У поэта, как и у всякого человека, может возникнуть нестерпимая боль, отвращение к жизни, желание покончить с этой болью. Но, видимо, есть грандиозная разница между желанием покончить с этой жизнью и его зафиксированностью в поэтическом произведении. Дьявол хватает это стихотворение и бежит к своему начальству, как со справкой: «Вот его подпись! Он сам захотел!» Дьявол вообще любит справки.

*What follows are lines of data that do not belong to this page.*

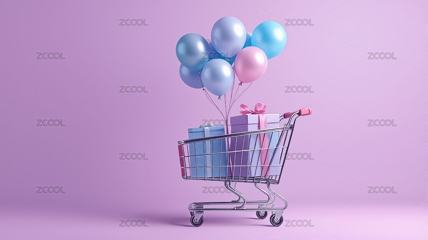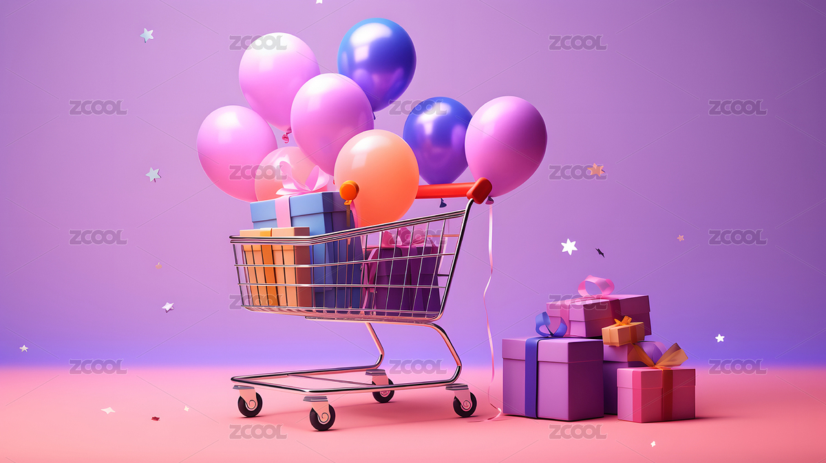 卡通,可爱,节日,福利,购物,购物车,买东西,插画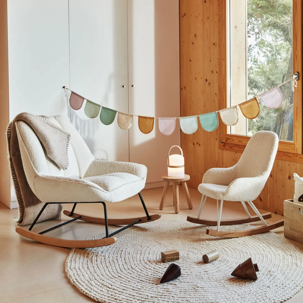 Dossier enveloppant, structure en métal peint en noir, pieds en hêtre massif avec finition naturelle… On adore le rocking-chair en bouclette Marlina, qui affiche un design frôlant la perfection. Ce fauteuil à bascule allie raffinement et confort avec son tissu bouclé doux d’une blancheur immaculée. Ses courbes douces le rendent hyper confortable et agréable visuellement.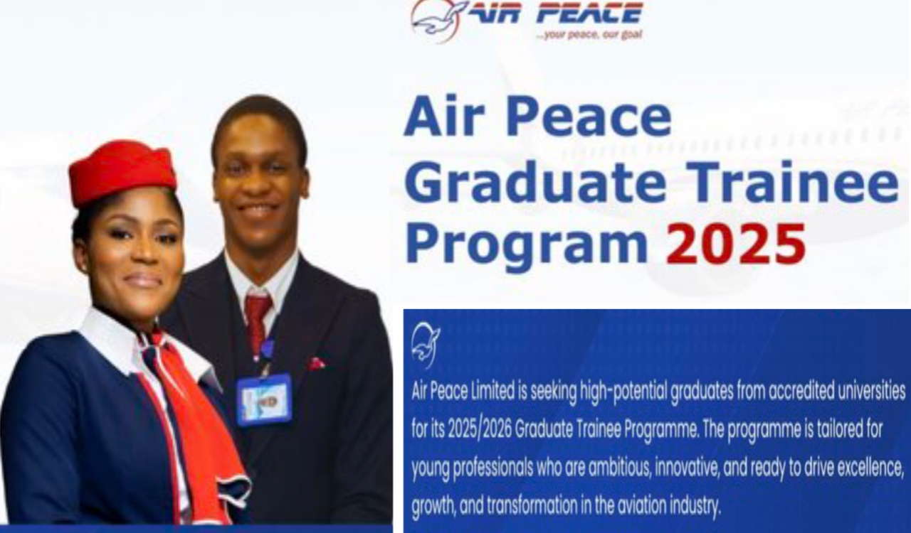 Air Peace 2025/2026 Graduate Trainee Program for Nigerians The Air Peace Limited call applications for their 2025 Air Peace Graduate Programme. The Air Peace Limited is seeking an applications...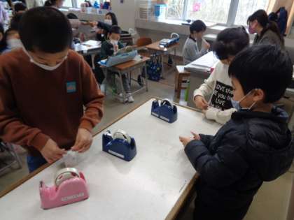 「課題が早く終わった子から、紙で自由に箱をつくっていいよ!」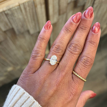 This beautiful engagement ring is the one and only classic Oval lab grown diamond 14K gold solitaire engagement ring. Brides love this solitaire engagement ring because you can mix and match any women's wedding wedding bands for the perfect stack.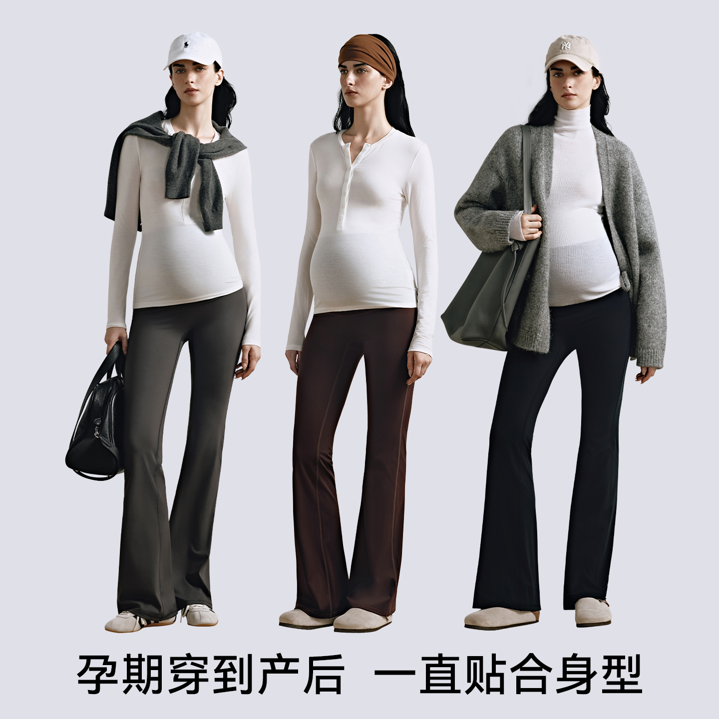 子2025新款 瑜伽通勤裤 全孕期不掉裆秋冬外穿鲨鱼裤 嫚熙孕妇喇叭裤
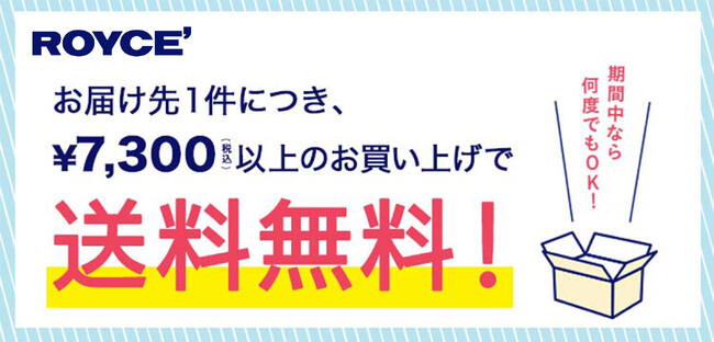 ■対象ロイズ通信販売(公式オンラインショップ・電話・FAX・はがき)、ロイズ直営店、札幌丸井今井店、厚別サンピアザ店にて、お届け先1件につき、商品代金の合計が7,300円(税込)以上お買い上げの場合。■ご注文期間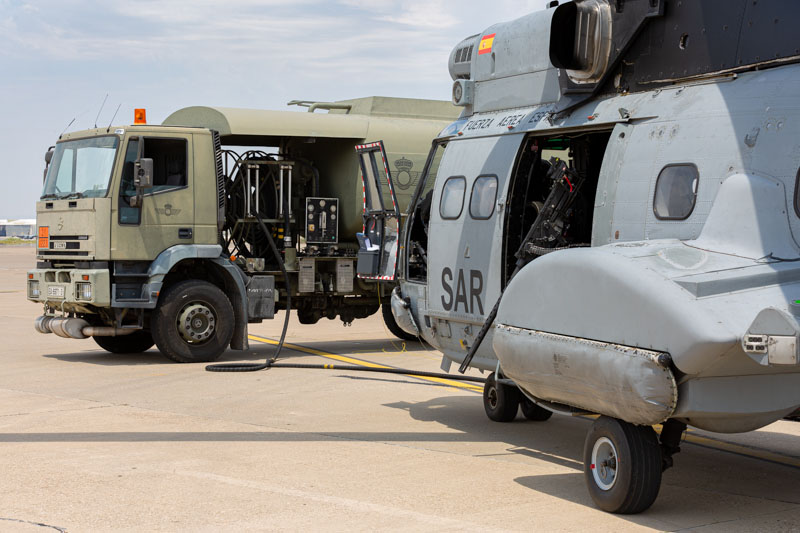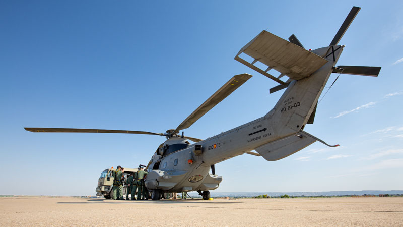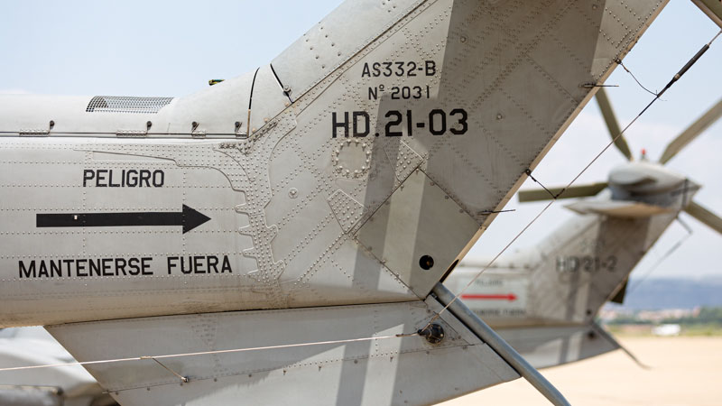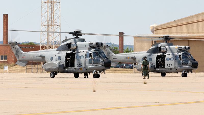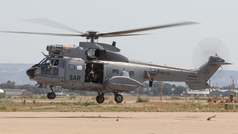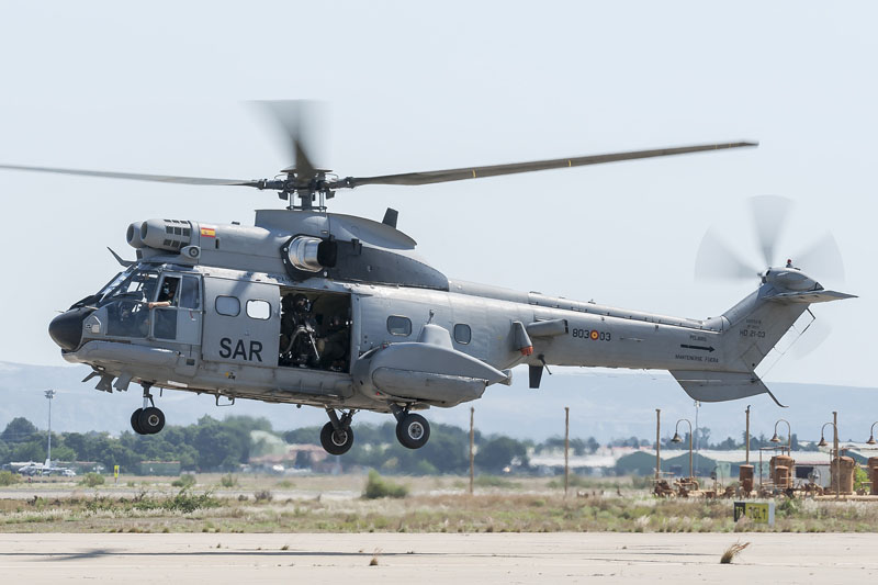 Base Aérea de Zaragoza, 24 de Junio de 2020. Son las 0945L y el sol comienza a apretar en la plataforma sur. La crisis del COVID19 ha supuesto una parada temporal en los destacamentos que habitualmente encontramos en la base zaragozana. Ese paréntesis finaliza hoy y los protagonistas son dos AS332 Super Puma del Ala 48 y sus tripulaciones. Los dos helicópteros han despegado a primera hora desde el aeródromo de Cuatro Vientos y después de realizar ejercicios de tiro en Bardenas vienen de camino a Zaragoza para poder repostar y volver ejercitarse durante varios periodos más a lo largo del día.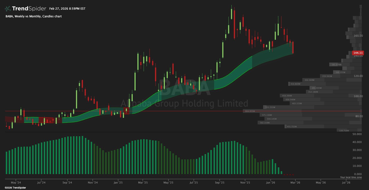 Monthly BX Turns Red $BABA $CVNA $META $ORCL at Risk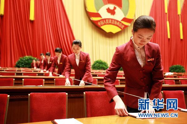 3月8日,在人民大會堂內,女服務員為保證會場整齊采取“拉線”對齊方式擺放物品。在三八婦女節當天,參加有關兩會各項工作的女性們仍然在崗位上忙碌著,美麗著。 新華社記者 王永卓 攝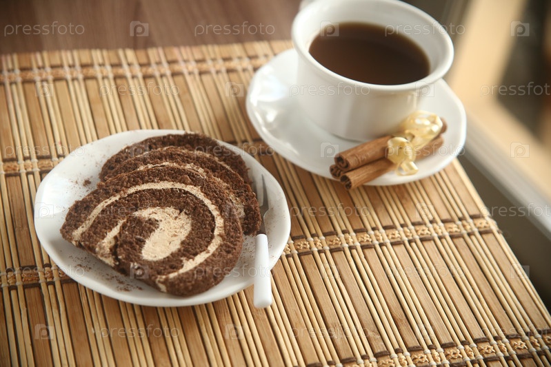 Вкусный шоколадный рулет с кофе и корицей на столе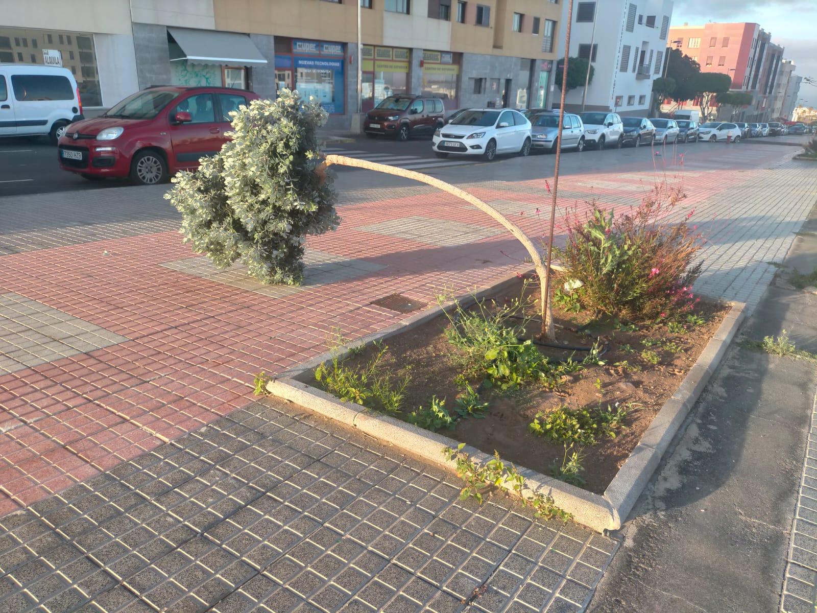 Este es el aspecto que presenta un árbol en la Rambla Pedro Lezcano de Telde. Lleva semanas así, torcido y a punto de partirse mientras ningún responsable de Parques y Jardines del Ayuntamiento ha adoptado solución alguna según denuncian vecinos a ONDAGUANCHE.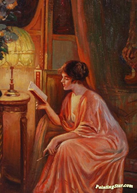 Lady Reading By Lamplight, Art Painting by Delphin Enjolras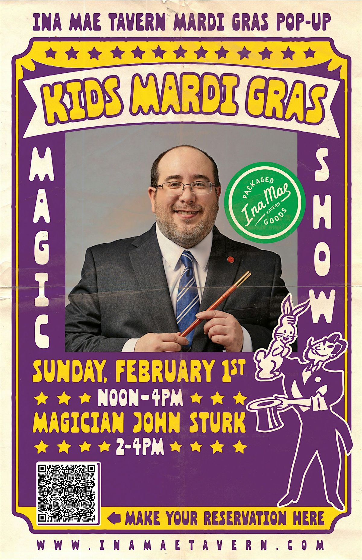 Kids Mardi Gras! Sunday, February 1st, featuring Magician John Sturk from 2-4PM!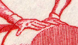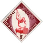8-franc stamp depicts gymnastics athlete performing impossible or very painful spreading of fingers.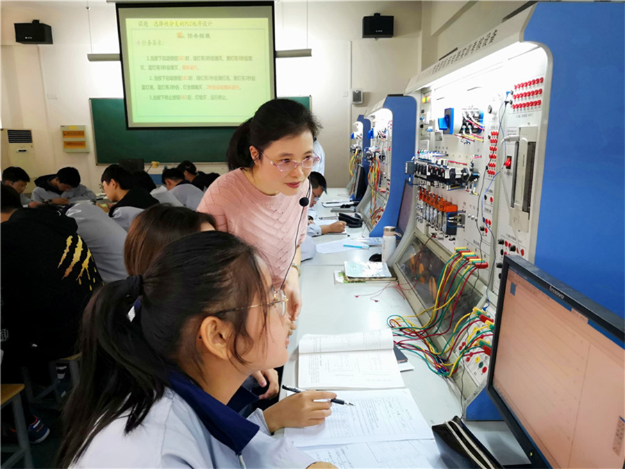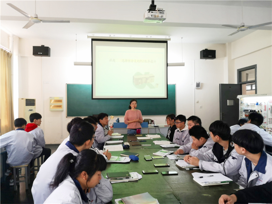 10月16日上午,我院电气系江苏省技工院校专业带头人、扬州市技工院校教学名师李翠兰老师在电气实训室开设了一节题为《选择性分支的PLC程序设计》名师示范课,各处室、系部等二十余名教师前往现场观摩、学习。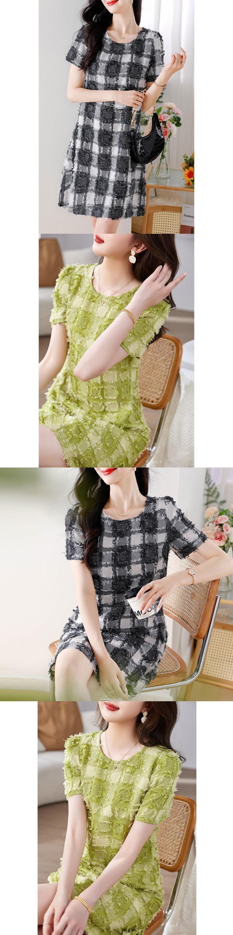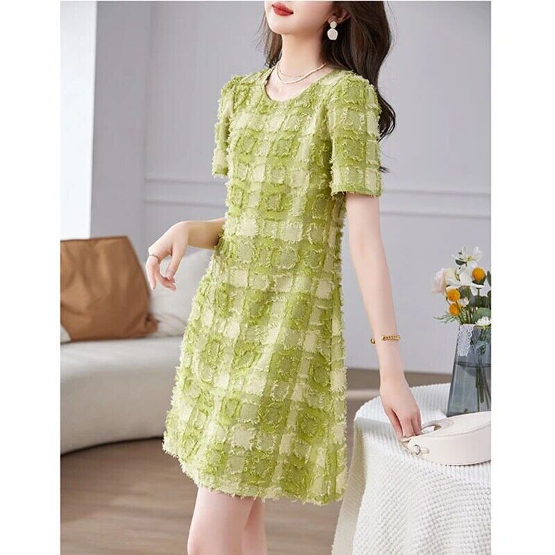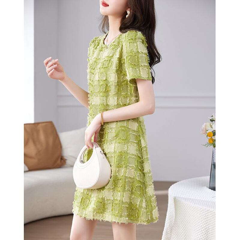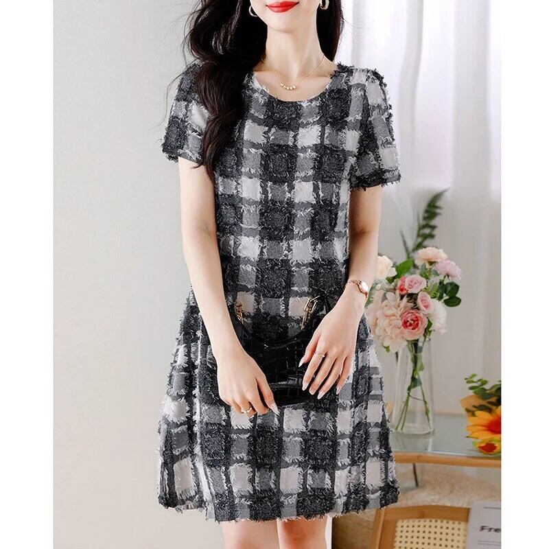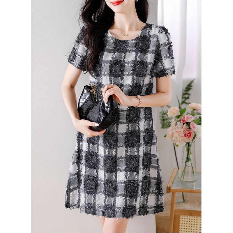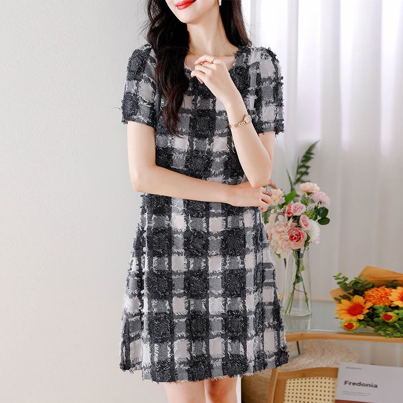 送料無料 O ネックルーズチェック柄半袖ドレスレディース 2024 夏半袖オフィスレディドレス ショート ハーフスリーブ サマー 夏物 Oネック 会社 学校 通勤や通学にも AE1288776670458218450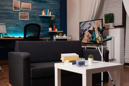 Empty living room decorated with couch and modern TV in apartment. Nobody in interior space at home with crutches and walk frame for disabled people. Cozy furniture and television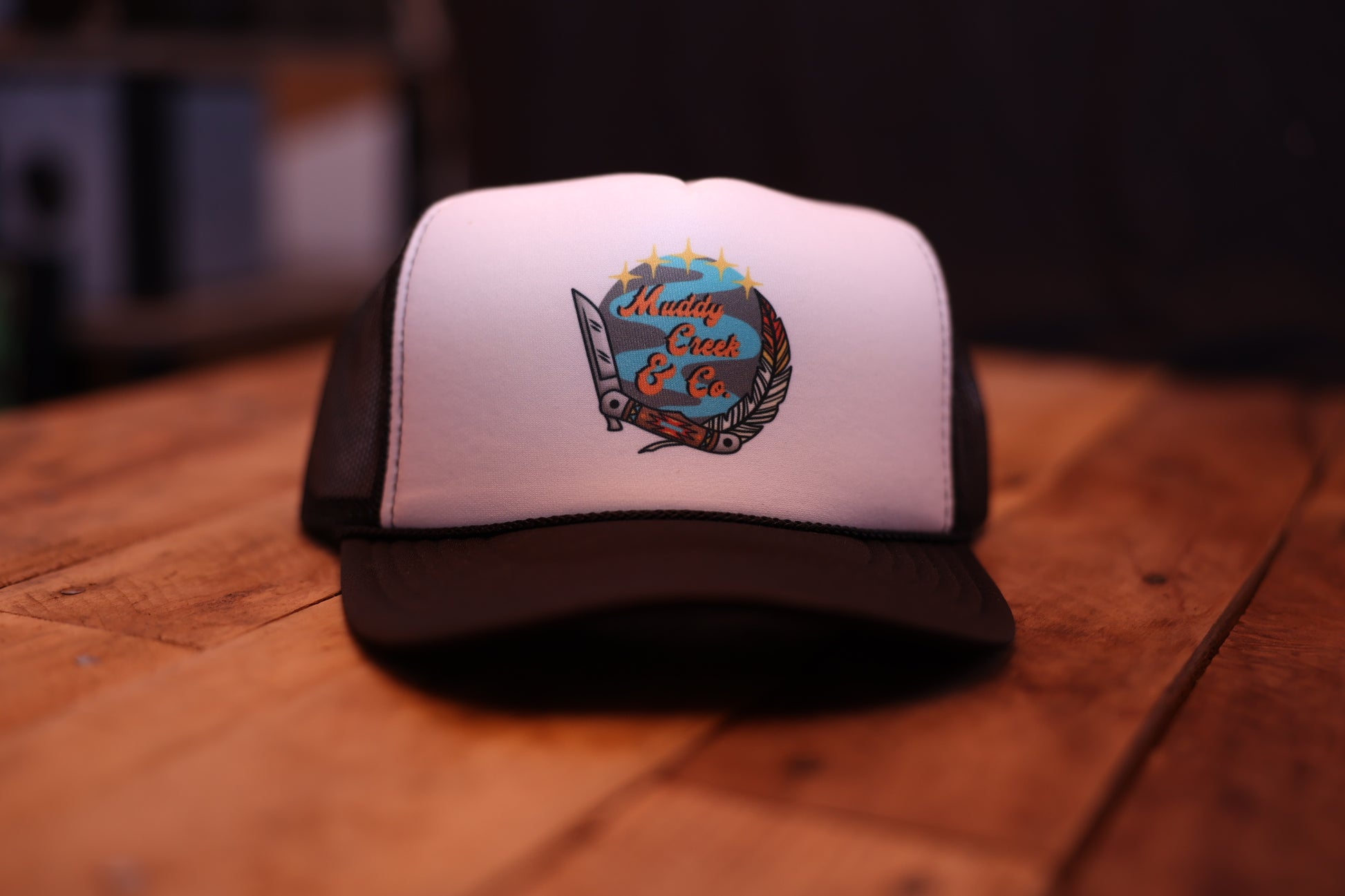A high quality Trucker hat with Muddy Creek & Co's 2nd gen "Knife & Feather" Logo

Слово поэта — суть его дело. Зафиксировав в стихотворении желание уйти из этой жизни и продолжая жить, поэт подсознательно превращается в позорного неплательщика своего долга. И совесть рано или поздно взрывается: пишу одно, а живу по-другому. Выход тут только один: покаянное проклятие того рокового стихотворения, но проклятие, тоже зафиксированное в поэтическом произведении.
А еще лучше никогда поэтически не фиксировать желание смерти ни родным, ни родине, никому. Даже если такое желание возникает.
Выходит, я выступаю против искренности поэта? Да, я выступаю против греховной искренности поэта. Неискренность всегда отвратительна. Но иногда и искренность отвратительна, если она греховна.
Если жизнь представляется невозможной, есть более мужественное решение, чем уход из жизни. Человек должен сказать себе: если жизнь действительно невозможна, то она остановится сама. А если она не останавливается, значит, надо перетерпеть боль.
Так суждено. Каждый, перетерпевший большую боль, знает, с какой изумительной свежестью после этого ему раскрывается жизнь. Это дар самой жизни за верность ей, а может быть, даже одобрительный кивок Бога.
В связи со всем этим я хотел несколько слов сказать о так называемом серебряном веке русской литературы. У нас его сейчас безмерно захвалили. Конечно, в это время жили великий Блок, великий Бунин, кстати питавший пророческое отвращение к этому серебряному веку, были и другие талантливые писатели.
Но Серебряный век принес нашей культуре, нашему народу неизмеримо больше зла, чем добра. Это было время самой разнузданной страсти к вседозволенности, к ничтожной мистике, к смакованию человеческих слабостей, а главное, всепожирающего любопытства к злу, даже якобы самоотверженных призывов к дьявольской силе, которая явится и все уничтожит.
Самое искреннее и, вероятно, самое сильное стихотворение Брюсова «Грядущие гунны» великолепно демонстрирует идеологию Серебряного века.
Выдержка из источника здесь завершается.